Malkin Holdings, the management team of The Empire State Building, are already among the greenest in the commercial property sector thanks to the massive investment they have made in energy efficient retrofitting. Now, CEO Tony Malkin is now upping the ante with a commitment to buy the landmark building’s energy from renewable sources.
To achieve this, the Empire State Building will purchase 55 million kilowatt-hours worth of Renewable Energy Certificates annually — enough to cover its yearly electricity consumption – from Green Mountain Energy, a renewable power and carbon offset retailer. The certificates are sourced through NRG’s wind power facilities. Tony Malkin believes the move will deliver a competitive advantage in attracting the best credit tenants at the best rents.
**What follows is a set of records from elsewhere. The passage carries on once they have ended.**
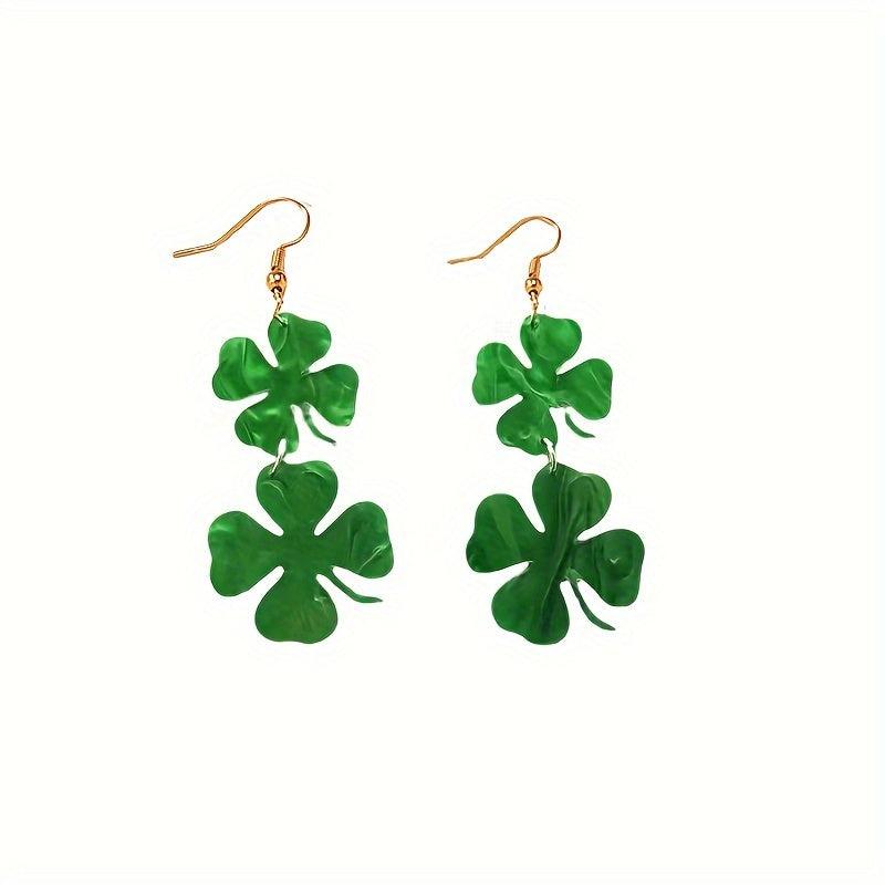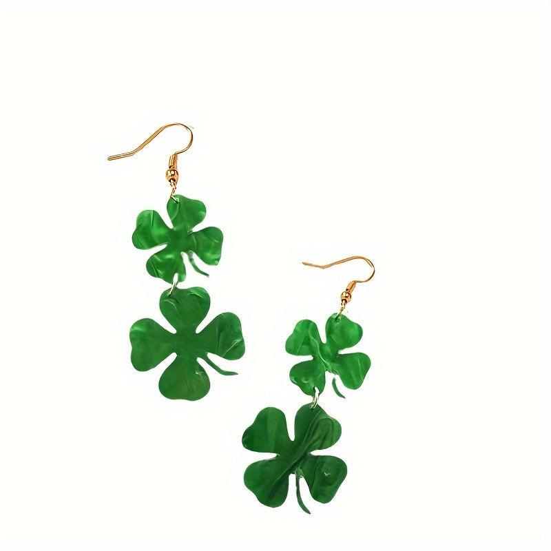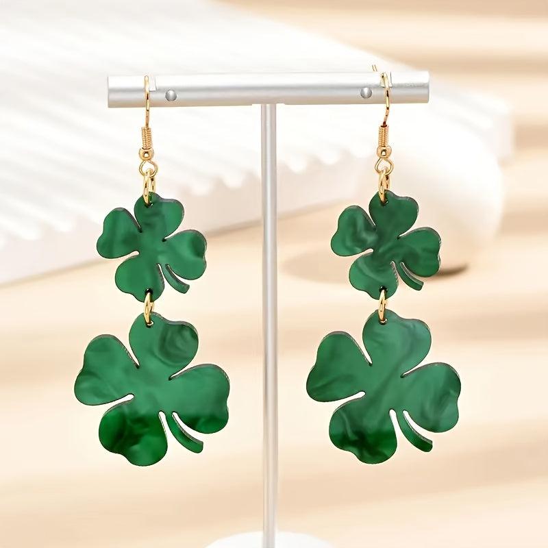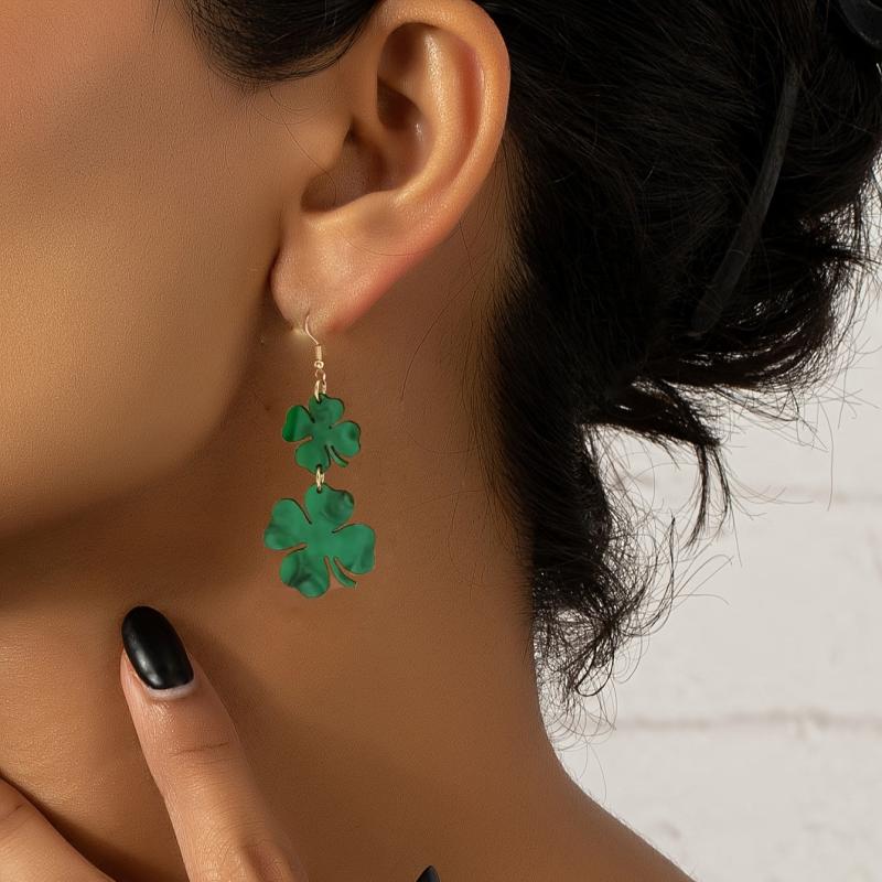 Add a touch of luck and style with these green clover dangle earrings, perfect for St Patrick's Day or vacation looks.
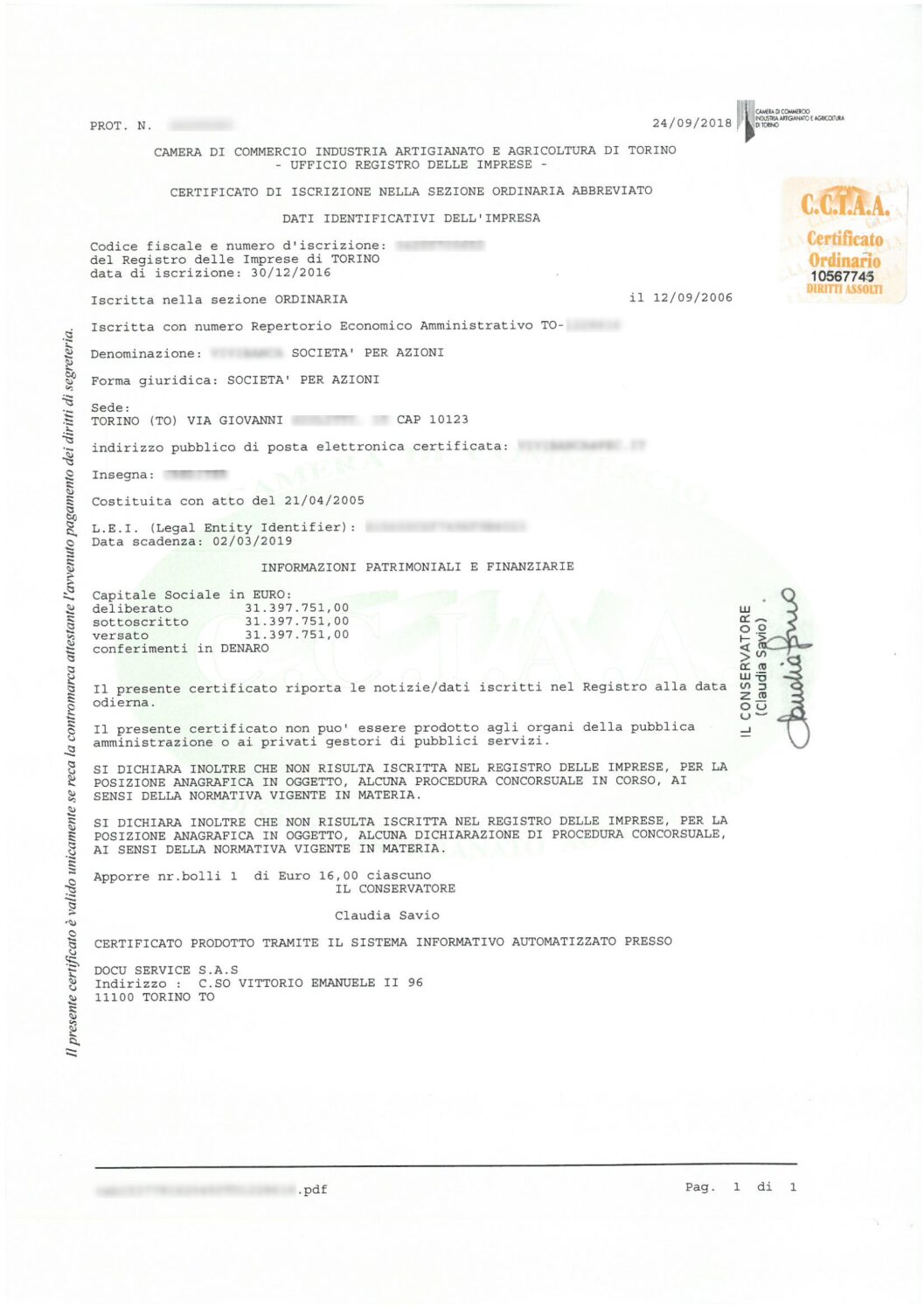 I dati contenuti nel certificato sono gli stessi delle Visure Camerali ma il certificato ha valore legale e riporta la firma del responsabile della Camera di Commercio competente.
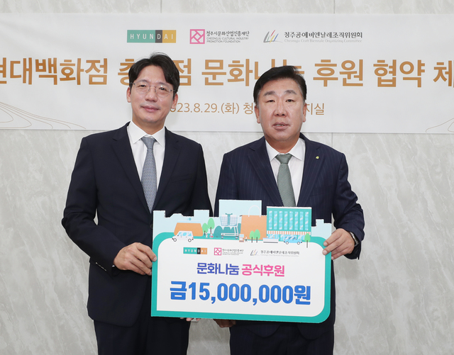 이날 현대백화점 충청점은 미래 세대를 위한 청주 문화예술 발전과 공예비엔날레 성공 개최를 위해 써달라며 1500만원을 기탁했다. 김미나 기자

Renewable energy certificates are non-tangible assets representing the environmental, social, and other non-power qualities of renewable electricity generation. One R.E.C. is created for every 1,000 kilowatt-hours of renewable power generated, and the certificates can be sold with, or in some cases separately, from the power.
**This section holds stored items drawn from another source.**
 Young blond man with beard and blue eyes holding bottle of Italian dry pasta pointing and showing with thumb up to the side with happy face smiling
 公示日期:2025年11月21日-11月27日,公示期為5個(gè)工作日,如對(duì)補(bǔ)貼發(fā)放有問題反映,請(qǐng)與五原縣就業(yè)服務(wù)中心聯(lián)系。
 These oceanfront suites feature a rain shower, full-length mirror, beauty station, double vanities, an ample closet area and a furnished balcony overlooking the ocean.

There is some scepticism around R.E.C. sales, notably around their use as a bit of greenwash. The Utility Reform Network, a California consumer advocacy organization, suggests there are two scenarios where R.E.C. sales do make a difference:
(1) The R.E.C.’s are sold under a long-term contract and this long-term contract allows a new renewable generation facility to receive financing and achieve commercial operations. In this case, the long-term R.E.C. deal provides critical revenues that enable the project to be financed.
(2) The R.E.C.’s are sold by a facility with high operational costs and the facility would shut down without future R.E.C. revenues. It is possible that some high-cost biomass plants could meet this criterion if their fuel costs are significant and they lack a sufficiently lucrative energy off-take agreement. The key question is whether the facility is likely to continue to operate based only on energy market revenues (without any R.E.C. sales). In the case of an existing wind project, there is no chance that a R.E.C. deal makes a difference because the operational costs are low and most wind projects receive lucrative federal tax credits based on production over the first 10 years. Once a wind project is online, the facility will continue to operate with or without a R.E.C. deal.
What’s clear is that The Empire State Building’s R.E.C. outlay is significant: it will more than double the amount of renewable power that any other commercial customer in New York City is currently buying.